● **Aim of the exercise**: Restate, exactly as written, the entries below from the line that holds "首先我们点击面包店门口带绿帽" through the line that holds "A classic Ralph". Pictures are not part of the copy.

● **Recorded data**:
↓↓↓
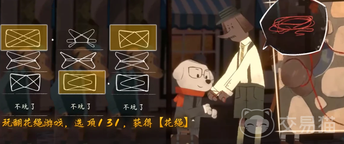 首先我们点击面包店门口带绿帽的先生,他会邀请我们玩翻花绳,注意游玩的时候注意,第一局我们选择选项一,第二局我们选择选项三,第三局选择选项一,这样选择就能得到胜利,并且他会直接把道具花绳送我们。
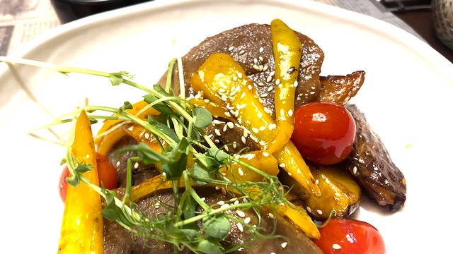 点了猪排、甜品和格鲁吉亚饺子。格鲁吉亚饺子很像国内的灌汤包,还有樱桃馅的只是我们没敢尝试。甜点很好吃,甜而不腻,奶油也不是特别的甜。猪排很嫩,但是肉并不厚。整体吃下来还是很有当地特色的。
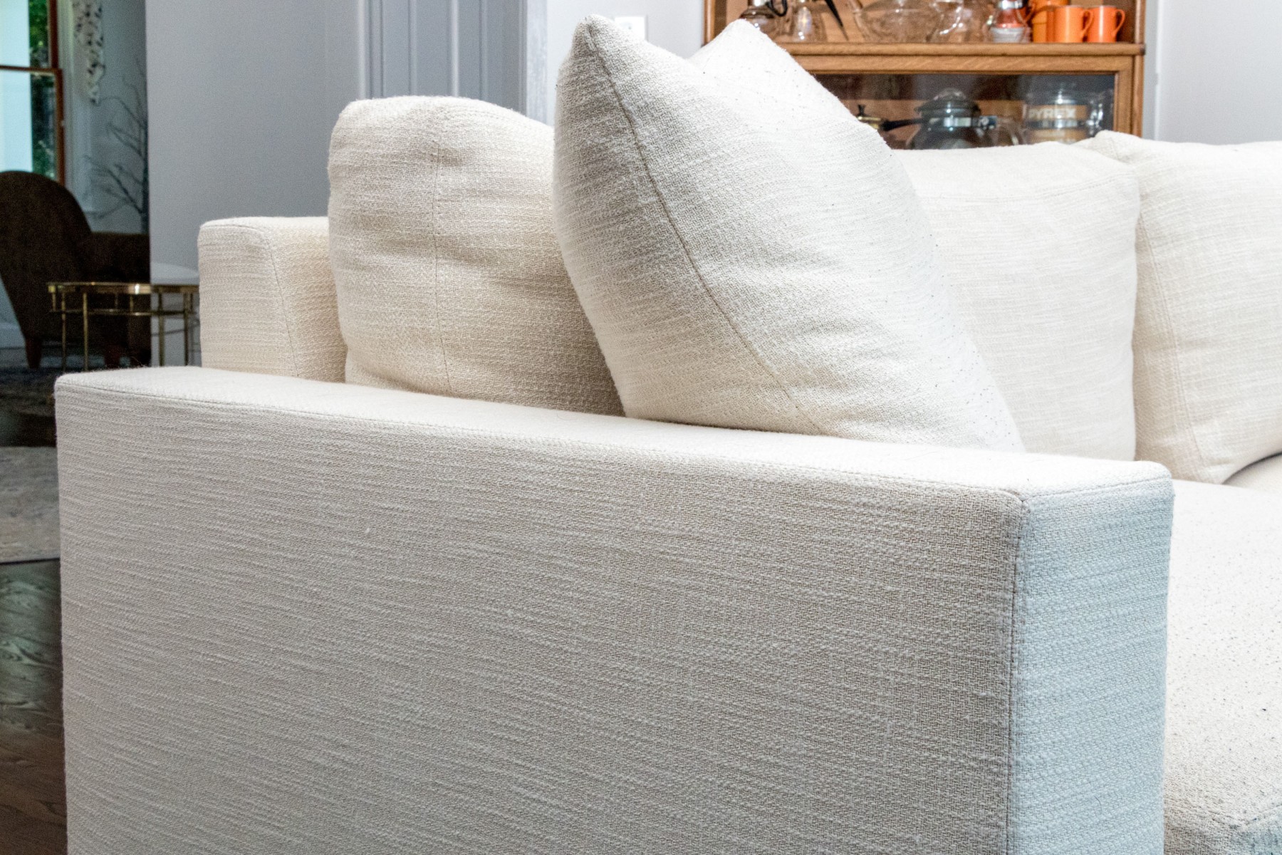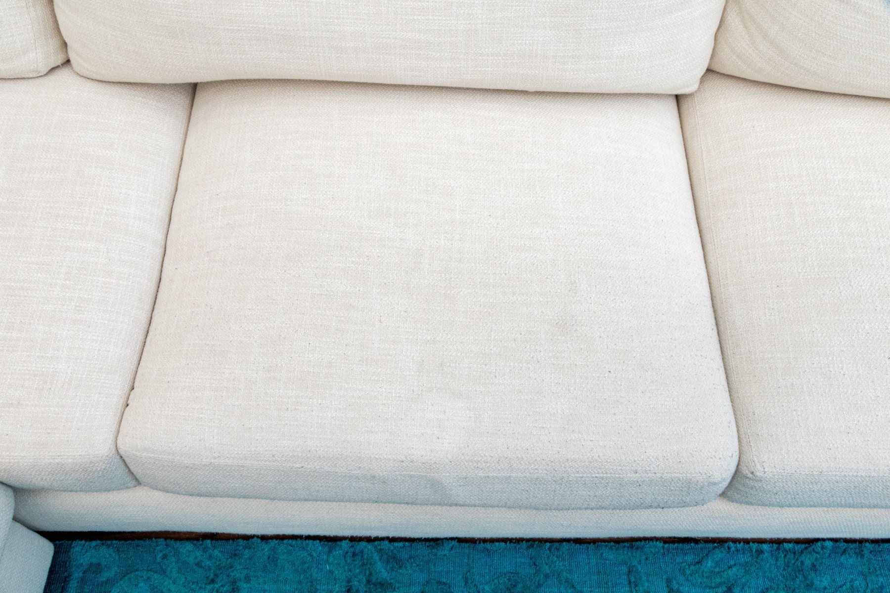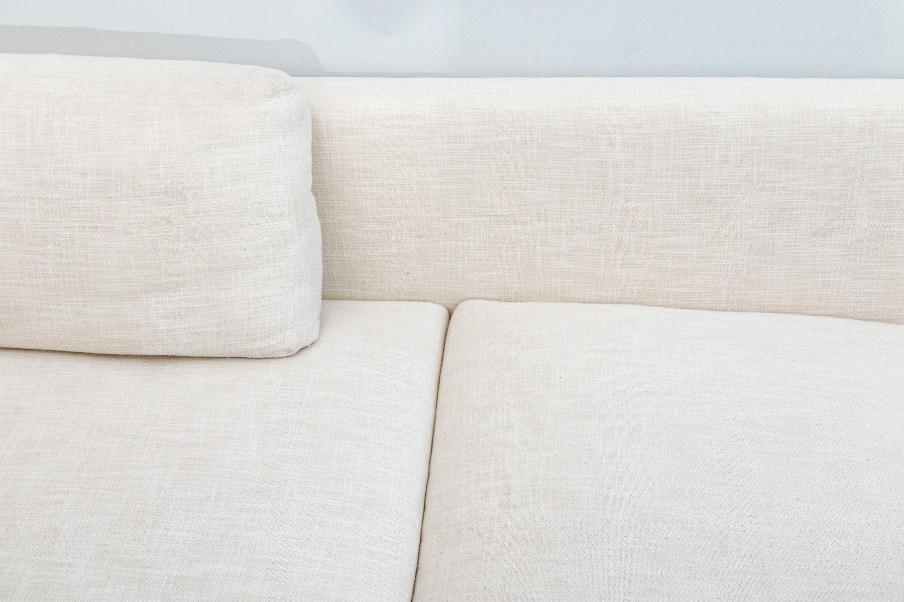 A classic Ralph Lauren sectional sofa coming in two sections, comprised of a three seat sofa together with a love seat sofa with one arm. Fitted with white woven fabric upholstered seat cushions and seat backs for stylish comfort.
↑↑↑
↓↓↓
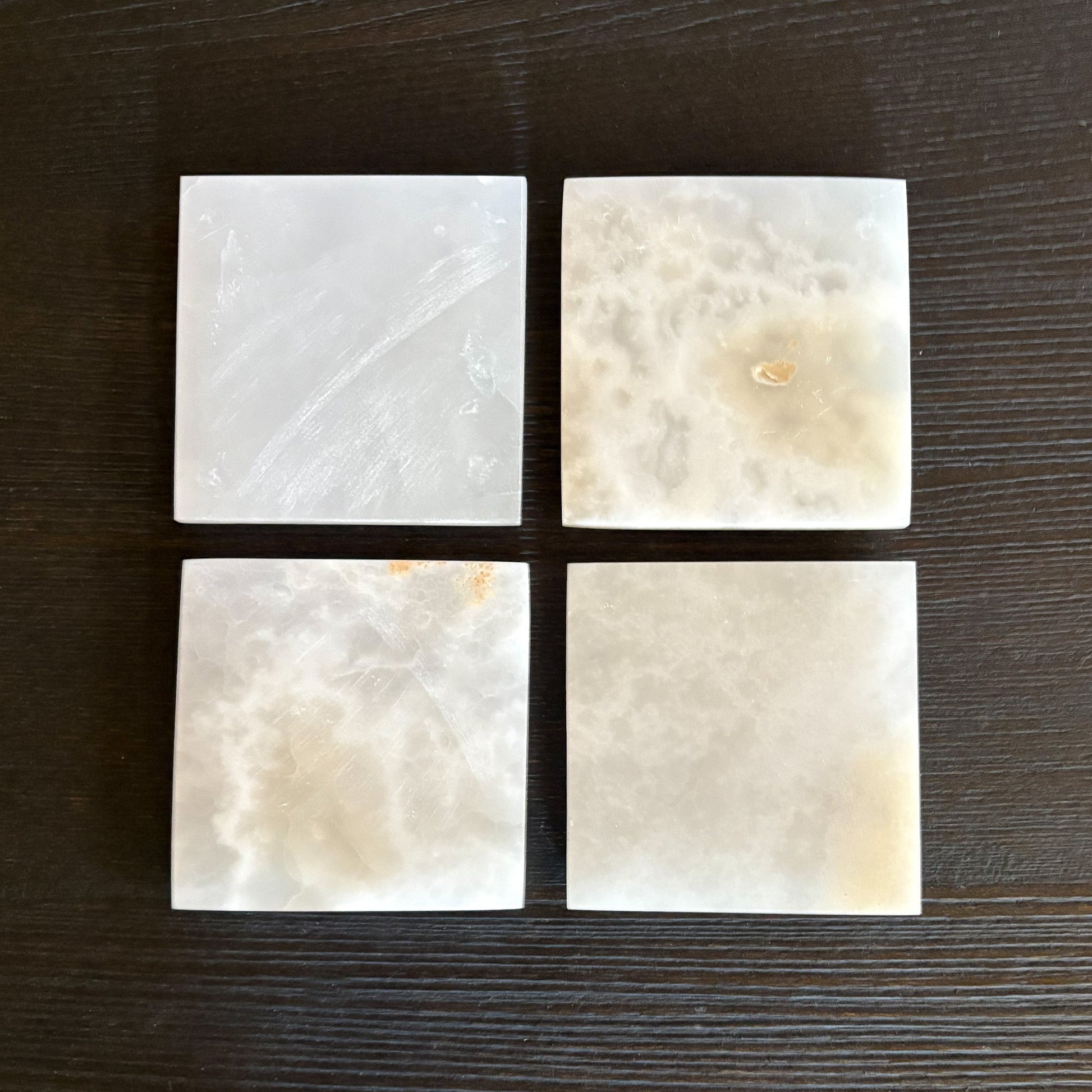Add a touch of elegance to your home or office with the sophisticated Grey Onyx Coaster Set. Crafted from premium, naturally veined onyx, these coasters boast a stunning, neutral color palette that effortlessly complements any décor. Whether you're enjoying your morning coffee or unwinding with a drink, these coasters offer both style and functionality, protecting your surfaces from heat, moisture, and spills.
↑↑↑
↓↓↓
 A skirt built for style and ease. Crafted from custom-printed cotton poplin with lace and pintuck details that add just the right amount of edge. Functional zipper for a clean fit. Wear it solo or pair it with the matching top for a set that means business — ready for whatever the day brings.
↑↑↑
● **Written response**:
 首先我们点击面包店门口带绿帽的先生,他会邀请我们玩翻花绳,注意游玩的时候注意,第一局我们选择选项一,第二局我们选择选项三,第三局选择选项一,这样选择就能得到胜利,并且他会直接把道具花绳送我们。
 点了猪排、甜品和格鲁吉亚饺子。格鲁吉亚饺子很像国内的灌汤包,还有樱桃馅的只是我们没敢尝试。甜点很好吃,甜而不腻,奶油也不是特别的甜。猪排很嫩,但是肉并不厚。整体吃下来还是很有当地特色的。
 A classic Ralph Lauren sectional sofa coming in two sections, comprised of a three seat sofa together with a love seat sofa with one arm. Fitted with white woven fabric upholstered seat cushions and seat backs for stylish comfort.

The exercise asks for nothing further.